Calm down. Think. He’s here, damn it.
It took him a while to find anything that looked familiar when he spied a stump that he thought he’d seen before. He decided to search on foot and had to leave Jackie in the car while he scoured the forest. Nervous at leaving her alone, swatting at a fly that buzzed around his neck, perspiring despite the shade of the forest floor, he tromped around the woods searching, feeling the pressure of time ticking by. Then he found the familiar, slight mound. Looked better than he’d thought, and nothing had been disturbed since they’d dropped Mulhaney. He let out a pent-up breath. So far so good.
And now for Jackie.
He hurried back to the spot where he parked and sucked in a shocked breath when he spied her, standing outside the car.
Holy. Shit.
She was a silent statue, staring at him across the vehicle’s hood. A slight smile curved her lips. For a split second he saw his life flash before his eyes.
He stood frozen. A deer in the headlights as she slowly lifted her hand. He saw the gun. Waited to be shot point blank.
“Wha—” she said.
He closed his eyes. Braced for the shot.
And nothing happened.
He opened his eyes again, his gaze dropping to her hand. No gun. His fucking imagination had nearly given him a heart attack.
“Jesus,” he muttered, then grabbed the motel blankets and sheets from inside the car, intending to bury them, too.
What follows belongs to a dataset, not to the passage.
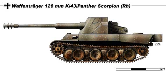 На каком-то западном кластере произошел слив месяца два назад. И было там следующее: самоходка с зенитным 128 мм орудием (то же самое, что на вафле), шасси пантеры модификации F. Двигатель 900 л.с. Барабан отсутствует.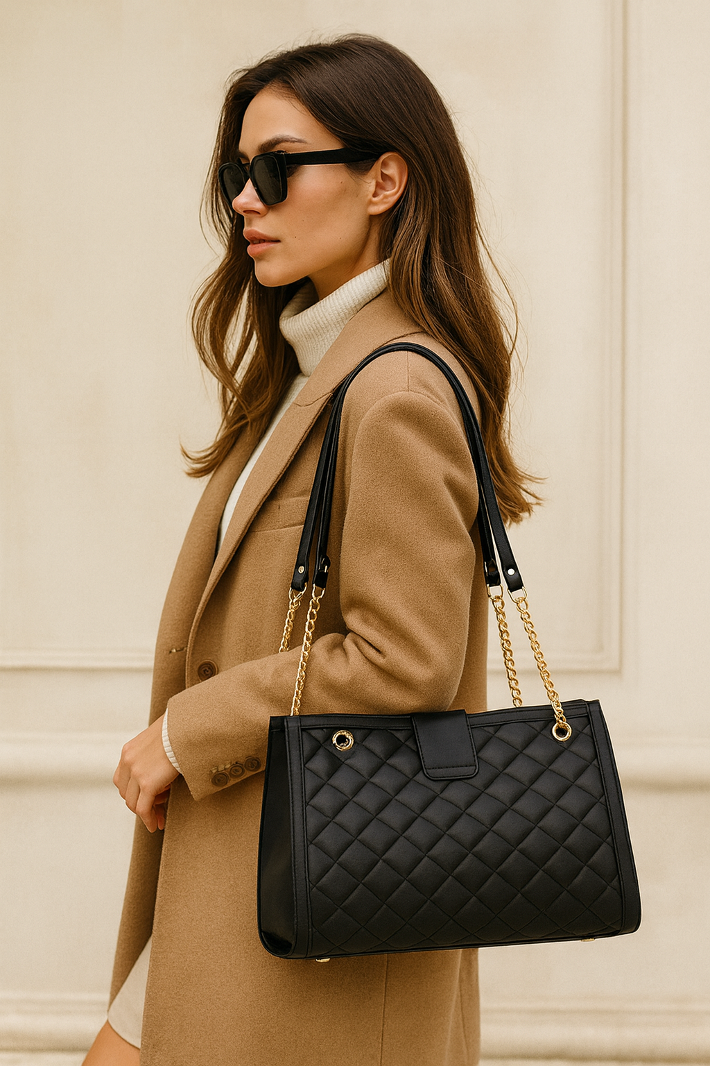 Unsere Tasche wird aus hochwertigem, umweltfreundlichem veganem Leder gefertigt. Dieses Material ist flexibel, robust, wasserabweisend und langlebig. Es bietet nicht nur Funktionalität, sondern auch ein stilvolles und edles Design.

He hooked his arm through Jackie’s and half walked, half dragged her to Mulhaney’s grave. He laid the blankets atop the slight mound, then made Jackie lie down atop them. He thought he saw worry in her eyes.
“We’re just going to pick up where we left off,” he whispered, unbuckling his jeans and getting between her legs, pulling off her panties. When he was settled atop her, he kissed her lips.
“Wh—” she started to say, but he wrapped his hands in the scarf, twisting again.
“No time to talk,” he crooned, kissing her straining neck, as he twisted and twisted. Die, bitch, just fucking die!
She feebly clawed at his hands again, but there was no real energy left as her eyes rolled back into her head. Stuart gave her the rocking and rollicking send-off she deserved, aware he was going to have to pull out the shovel and get to work, but what the hell? Almost better than working out at the gym.